Re: Transplant Surgeon Meeting Advice

Post by Grey »

My first comment is actually most transplant surgeons are very good, and we do well to trust their judgement. I had my transplant done in Liverpool and only have the highest praise for the whole team. In y case because I was lucky enough to undergo a smaller awake operation by the same surgeon, 3 hours mind you, saw just how at home he was in the theatre as opposed to the man I knew from the visiting surgery. No surprise though, he is not a good people person but that does not matter when you are laying open on the table in an operation, his skills count then.

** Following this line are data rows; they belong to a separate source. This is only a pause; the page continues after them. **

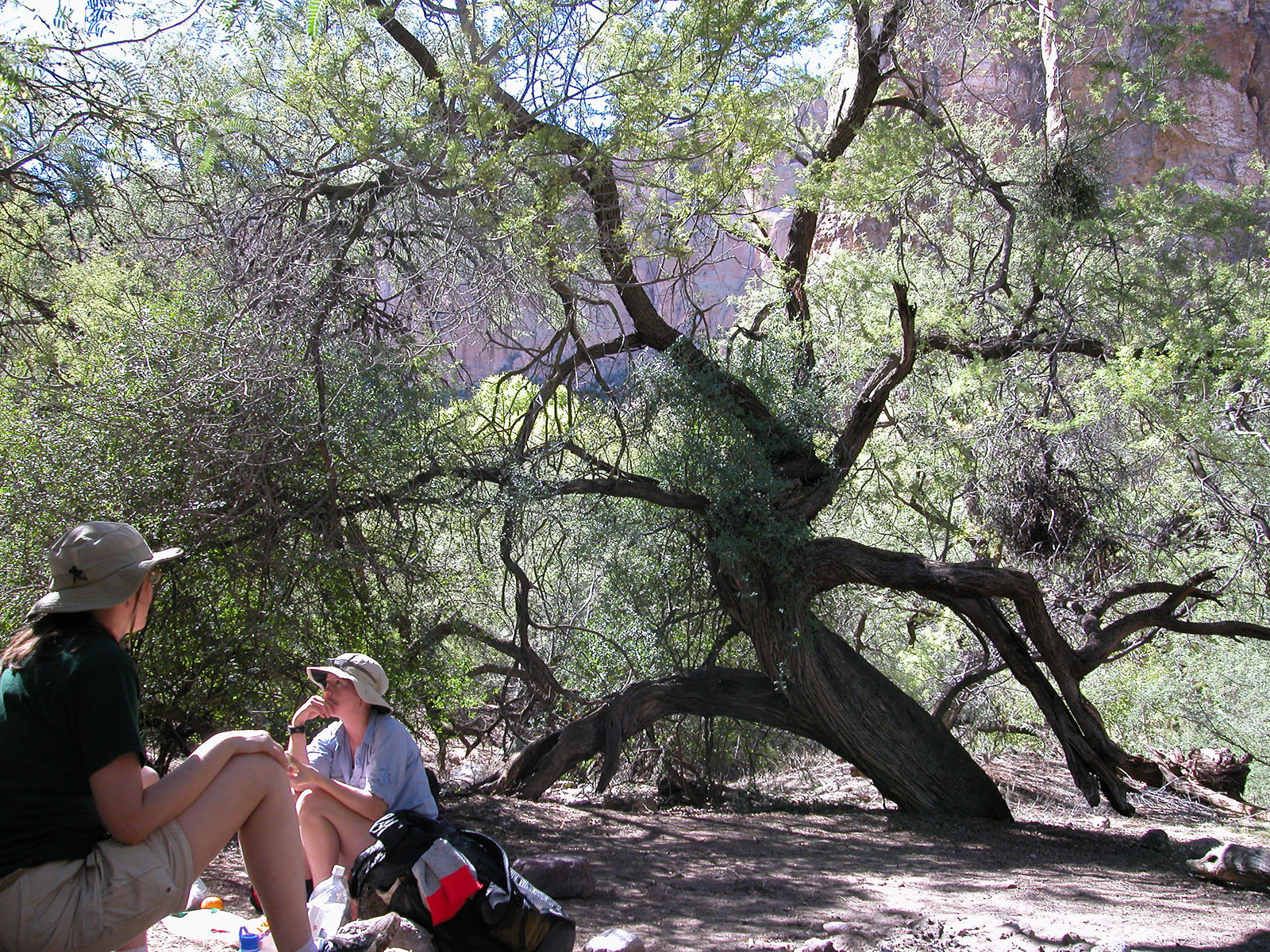 Beyond this central intersection was a forest of gnarled mesquite, and we selected a horizontal trunk to rest. A couple of times we could hear the voices of hikers down by the stream. Here at Horse Camp, the midpoint of the canyon, there’s room for hundreds of campers, though the established wilderness limit is 50 on any given day. Somewhere nearby are the ruins of a cabin.
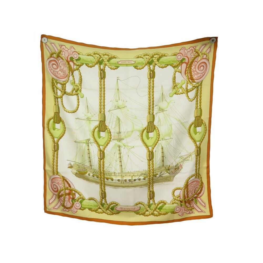 • RARE FOULARD HERMES LES TRIPLES NICOLE LAMBERT CARRE 90 CM EN SOIE JAUNE SCARF
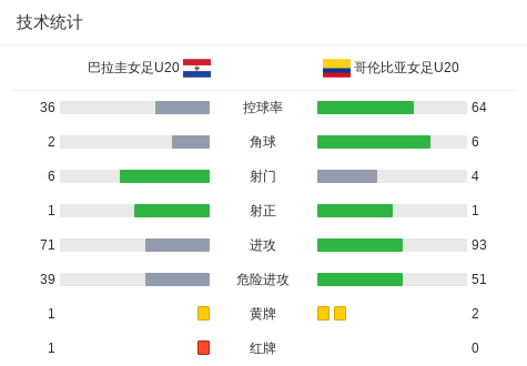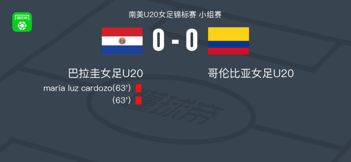 巴拉圭女足U20 0-0哥伦比亚女足U20,秋色平分战报bot @懂球帝02-13 06:52北京时间2月13日南美U20女足锦标赛 小组赛,巴拉圭女足U20对阵哥伦比亚女足U20。最终比分巴拉圭女足U20 0-0 哥伦比亚女足U20。点击查看本场比赛详细数据>>精彩瞬间第63分钟,巴拉圭女足U20球队maria luz cardozo吃到红牌。第63分钟,巴拉圭女足U20球队吃到红牌。 技术统计 展开更多
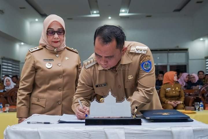 Hal tersebut disampaikan Bupati Labuhanbatu dr. H. Erik Adtrada Ritonga, MKM, didampingi Wakil Bupati Labuhanbatu Hj. Elya Rosa Siregar, S.Pd, MM, saat menandatangani Nota Kesepakatan dan Penguatan Evaluasi Kabupaten Labuhanbatu Layak Anak (KLA) Tahun 2023, di Ruang Data dan Karya Kantor Bupati. Kamis (7/3).
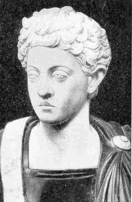 Marcus Aurelius decided to revert to previous practice and designates his son Commodus as his successor. The bust here shows Commodus as a boy of about 12-13 years of age Figure 1). who rules as an especially brutal tyrant. He was profligate and licentious as well as deeply suspious of those arround him. Historians describe him as one of the most muderous tyrants in history. Commodus is killed in a conspiracy (192 AD). Film buffs will of course recognize Commodus as the villan in the popular film "The Gladiator".
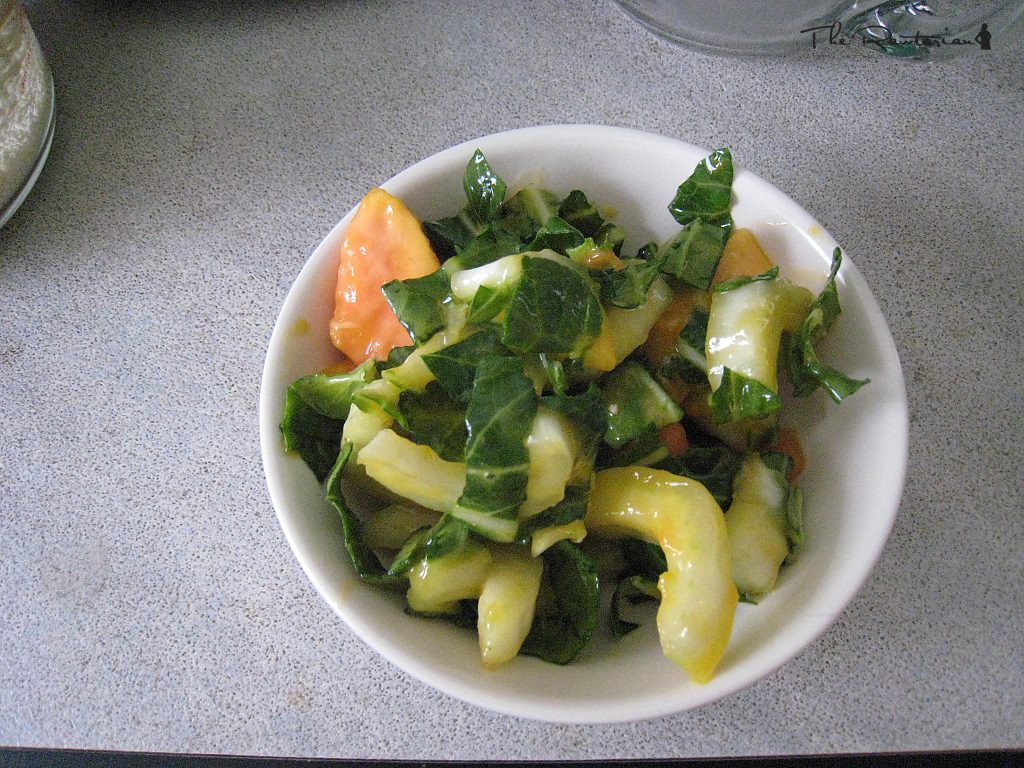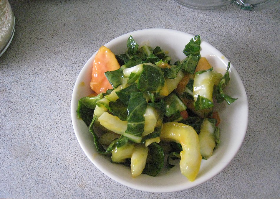 Toss the dressing with the sliced bok choy, papaya chunks, diced tomato and whatever diced mango is leftover from making the dressing.
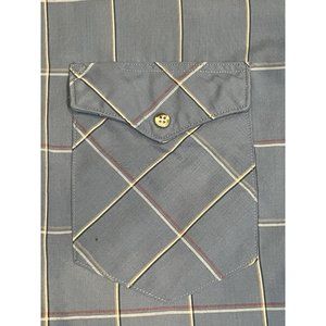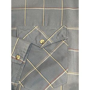 This vintage Wrangler button-up shirt is a classic piece of American fashion history. With its plaid pattern, pearl snap closure, and spread collar, this shirt exudes Western charm. The shirt's easy care, lightweight fabric and long tails make it perfect for any occasion, from casual wear to workwear to travel.

Anyway, do not be put off by all the warnings about what can go wrong, they are legally obliged to tell you that stuff, if someone is very unlucky something may go wrong but that is the nature of life, most operations go without hick up. Looking back there is no way I would stop the procedure under any circumstances, it is a truly life changing procedure, even with the effects of the Immune suppression med after.

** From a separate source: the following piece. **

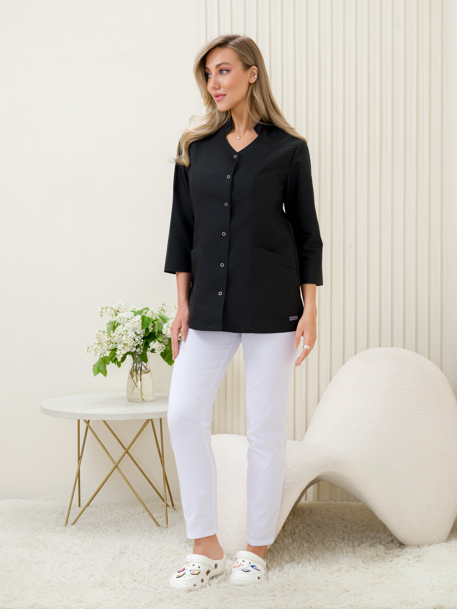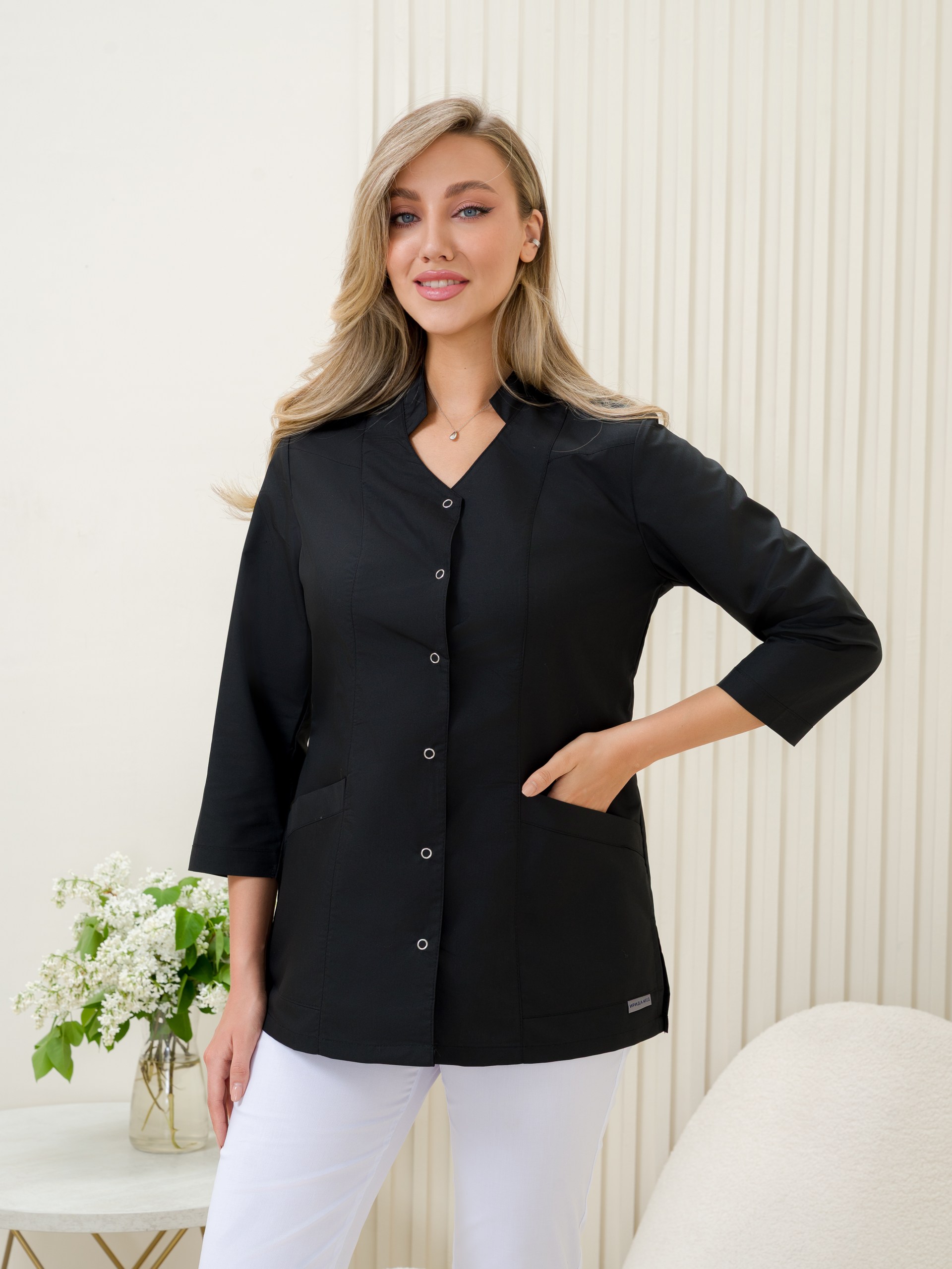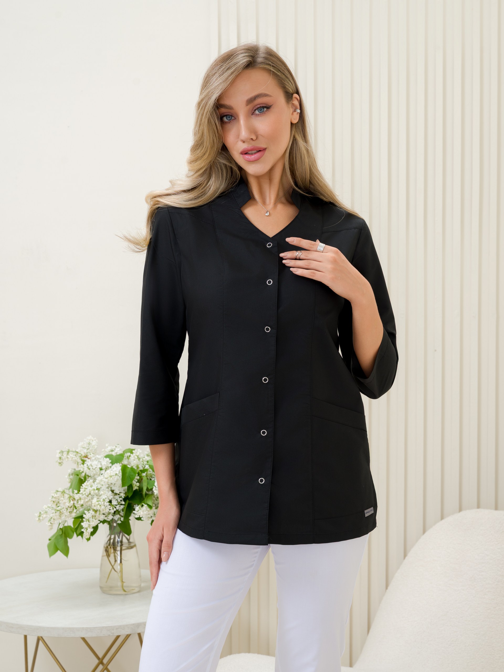 Рубашка мед. жен. М-266-124 ткань Тиси (44, кнопки, черный(124))
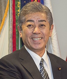 Takeshi Iwaya is a Japanese politician of the Liberal Democratic Party, a member of the House of Representatives in the Diet. He served as the Minister of Defense from 2 October 2018 to 11 September 2019.

Questions I asked, were in the main just curiosity, a bit about the preparation procedure, what will happen, a bit about the anaesthetic procedure, although before the op you will have a chat with them, how long the whole op will take, a bit about the recovery procedure, first few hours back in the ward, WATER INTAKE REQUIRED, although once you come out of the theatre you will have a drip feeding you at least 4 litres a day, all the pipes that once you start to gather where you actually are, the neckline etc and how and when each gets removed and how long all things being equal you will stay in hospital.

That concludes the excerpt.